In the introduction to Ben Goldacre's book Bad Science he says: "You cannot reason people out of positions they didn't reason themselves into." I find this rings true in so many ways. For example, I think this is a common mistake (that I definitely used to make) that if you have trained hard in Science you develop the habit of logical thinking. I believe logic is very useful for many sorts of problem-solving and so on. However, there is no law saying everyone has to be logical and I would appeal to my readers to remember to respect other people's ways of thinking!

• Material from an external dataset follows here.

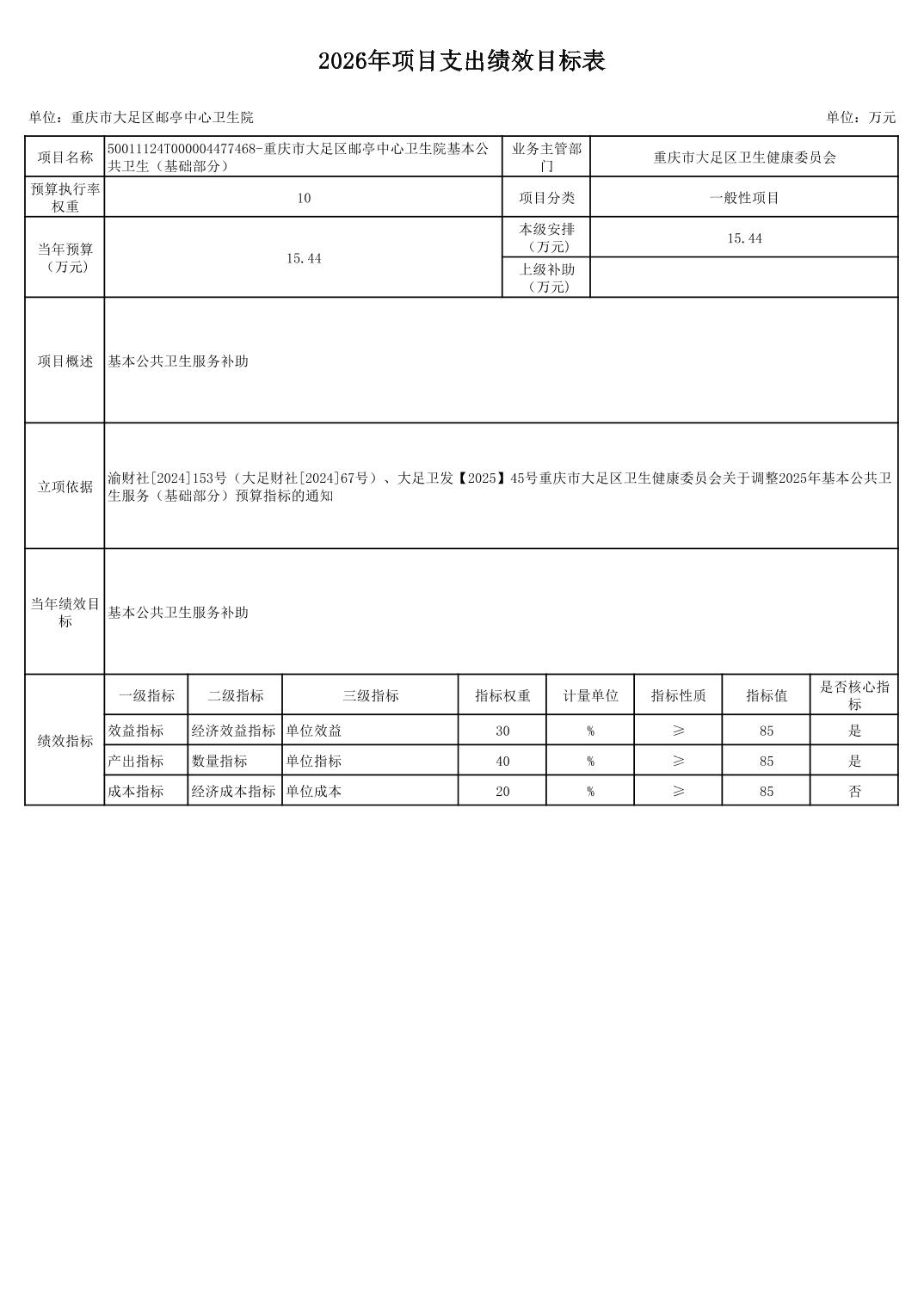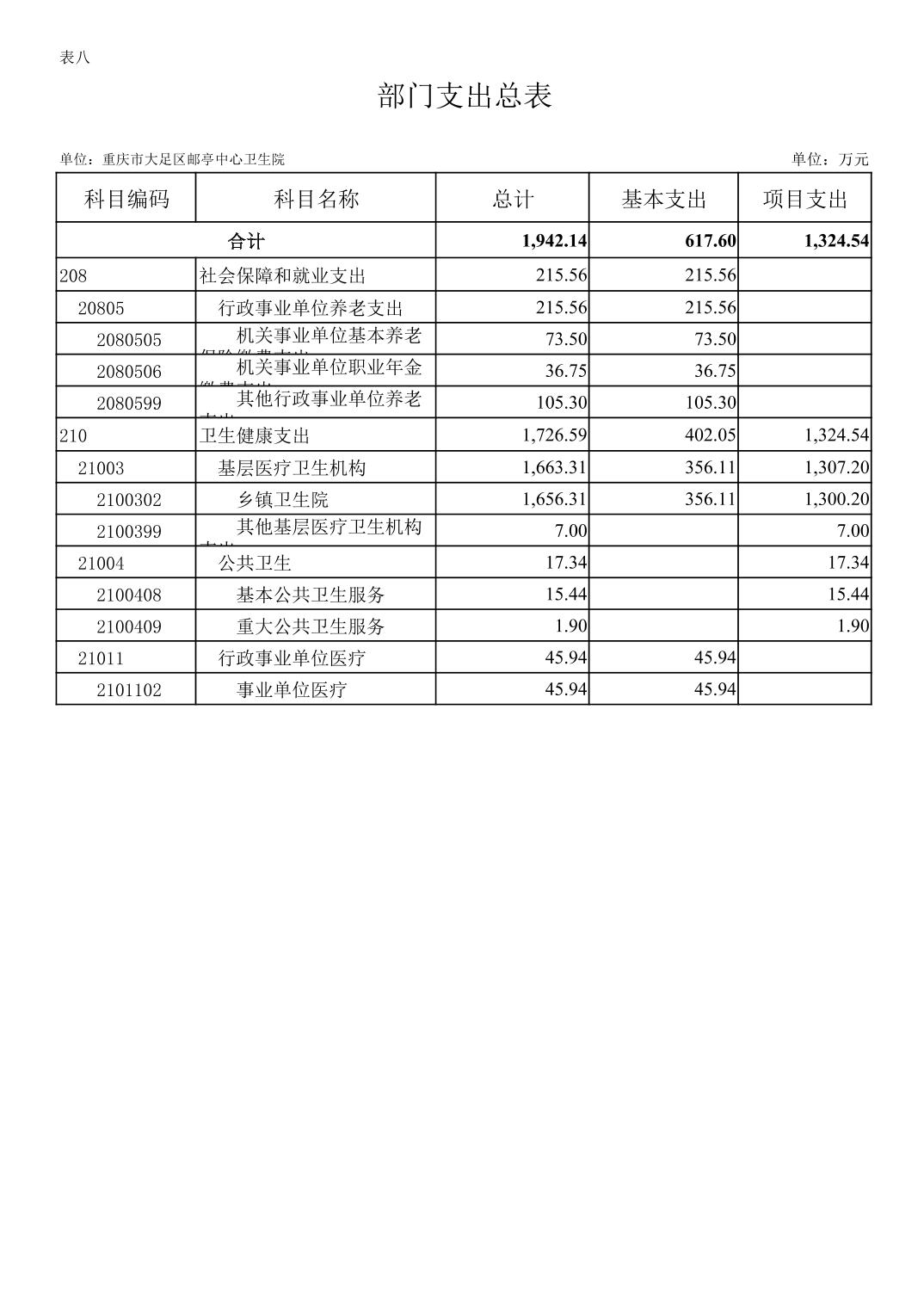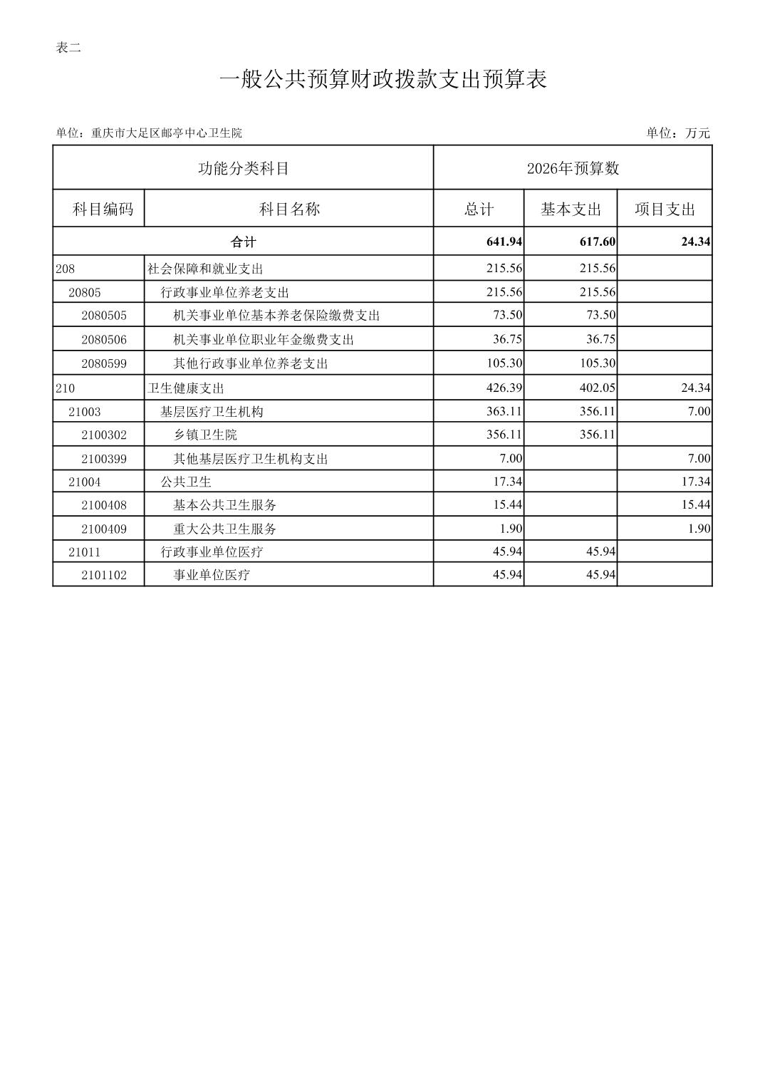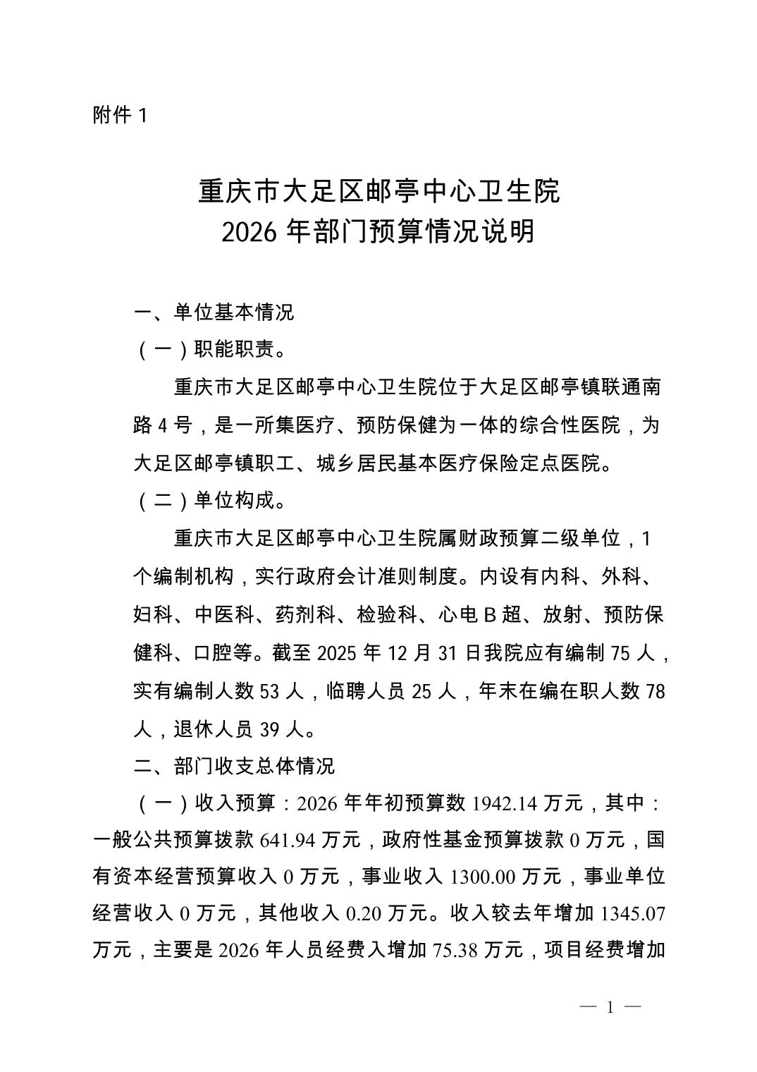 142017重庆市大足区邮亭中心卫生院2026年部门预算情况说明

A quote I like from Ben Goldacre's Bad Science: "the plural of anecdote is not data". He also mentioned a study in his book showing that on average people rate themselves as being about 6-7 out of 10 for most skills. Interestingly this average is maintained if you take a subset of people who are either very good, very bad or any given skill level. So, people bad at something over-rate themselves and people good at something under-rate themselves. I think this study is a great insight into the human condition. How you use this fact is up to you! Personally I use it to remember to avoid pub debates and just listen: in my social life I now try to enjoy fun times with my friends and leave my Science at work!

"Heisenberg is pulled over for speeding. 'Do you know how fast you were going?' 'No, but I know exactly where I was.'"

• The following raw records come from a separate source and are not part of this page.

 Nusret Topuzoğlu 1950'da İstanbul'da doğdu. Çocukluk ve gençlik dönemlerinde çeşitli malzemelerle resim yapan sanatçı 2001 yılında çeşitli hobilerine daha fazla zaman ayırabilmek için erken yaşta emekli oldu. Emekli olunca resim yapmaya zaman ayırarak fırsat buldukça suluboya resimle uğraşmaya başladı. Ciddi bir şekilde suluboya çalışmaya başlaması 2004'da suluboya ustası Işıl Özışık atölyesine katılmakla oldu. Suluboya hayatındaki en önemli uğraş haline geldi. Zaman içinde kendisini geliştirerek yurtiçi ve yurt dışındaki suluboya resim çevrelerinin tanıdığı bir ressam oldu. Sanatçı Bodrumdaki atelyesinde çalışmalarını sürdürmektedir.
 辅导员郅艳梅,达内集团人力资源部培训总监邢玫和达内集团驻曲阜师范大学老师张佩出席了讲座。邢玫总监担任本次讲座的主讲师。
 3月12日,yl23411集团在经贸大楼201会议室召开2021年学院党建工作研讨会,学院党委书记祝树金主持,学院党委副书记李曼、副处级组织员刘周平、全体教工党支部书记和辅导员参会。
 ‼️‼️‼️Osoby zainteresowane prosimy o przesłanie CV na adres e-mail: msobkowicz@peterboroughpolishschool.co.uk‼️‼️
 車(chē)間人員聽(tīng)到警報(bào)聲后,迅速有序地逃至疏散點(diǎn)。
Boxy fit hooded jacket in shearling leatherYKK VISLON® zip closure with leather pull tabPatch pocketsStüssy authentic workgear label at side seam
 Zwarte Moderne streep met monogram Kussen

Richard Feynman (a famous scientist) was well known for saying the following: "You know, the most amazing thing happened to me tonight. I was coming here, on the way to the lecture, and I came in through teh parking lot. And you won't believe what happened. I saw a car with the license plate ARW 357. Can you imagine? Of all the millions of license plates in the state, what was the chance that I would see that particular one tonight? Amazing!" This was often repeated because it was his standard response to people saying amazing things happened like winning the lottery.

The placebo effect is an interesting thing. An unusual example I like (also from Ben Goldacre's book) is a researcher called Deming went with his team to rest lighting effects on efficiency in factories at Western Electric's Hawthorne plant at Cicero, Illinois. This was in 1923. he told the workers that they were part of a special study to look at what might improve efficiency... and whatever he did (paraphrasing at this point) be it raise the light levels, keep them the same or lower them... productivity improved... so here is the placebo effect turning up in yet another place!

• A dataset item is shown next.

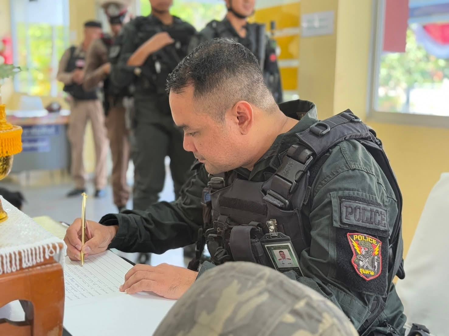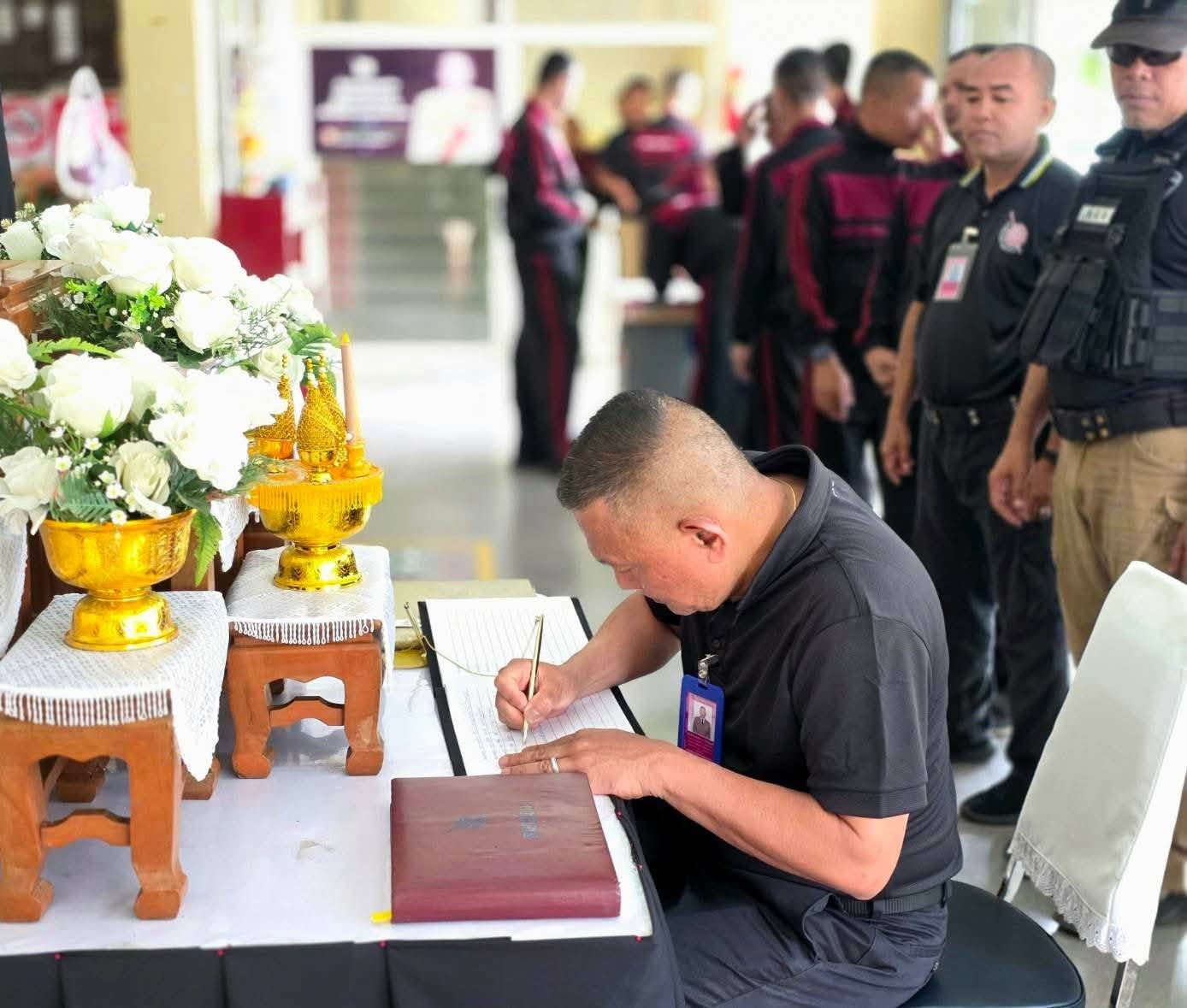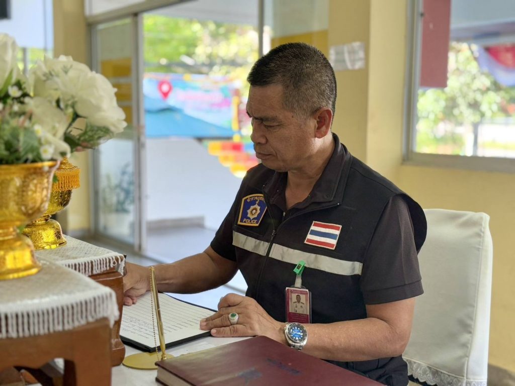 ลงนามถวายความอาลัย 5 พฤศจิกายน 2568 โดย หัสซาน สะแลมะ / งานอำนวยการ,งานอำนวยการ (พ.ย.) วันที่ 5 พฤศจิกายน 2568 เวลา 09.00 น. พ.ต.อ.ถาวร ผลกล้า ผกก.สภ.โกตาบารู พ.ต.ท.คณนาถ ไพนุงพงศ์ รอง ผกก.(สอบสวน)สภ.โกตาบารู พ.ต.ท.ฉัตรพงค์ คงเจริญ รอง ผกก. ป.ฯ พ.ต.ท.หญิง ซอรอดา โพงลาเต๊ะ สว.อก.สภ.โกตาบารู ร.ต.อ.ถนัด ไชยพูน รอง สว.สส.สภ.โกตาบารูพร้อมด้วยข้าราชการตำรวจ สภ.โกตาบารู ร่วมลงนามถวายความอาลัย แด่สมเด็จพระนางเจ้าสิริกิติ์ พระบรมราชินีนาถ พระบรมราชชนนีพันปีหลวง ณ สภ.โกตาบารู อ.รามัน จว.ยะลา Facebook iconFacebookTwitter iconTwitterLINE iconLine

I have a crazy theory that we would understand the world much better if we really understood inflation. I often used to have discussions with economists or other interested people but I felt the conversation always went the same way. They would generally explain how it worked in terms of other features of the economy. Then they would look at me and expect me to either deny what they were saying or admit they had explained it. My issue was that while they were always correct they always seemed to be explaining it with other economic terms. I think there is an underlying thing going on that impacts on the human condition and gives society a momentum in the wrong direction. But, who knows?! Here is a link to a nice graph I saw once with a 750 year long-term trend of inflation (strictly speaking a price index). If you can bear a lot of technical language there is a Wikipedia page about inflation and a Wikipedia page about the consumer price index (there are other sorts of price index but the consumer price index is generally considered a good one).

A nice website that has very "meta" things about Science is The Edge which I strongly recommend. My personal opinion is that the site has a lot of untapped potential but what it does it generally does well.

"In my experience the truth usually seems to be somewhere in the middle."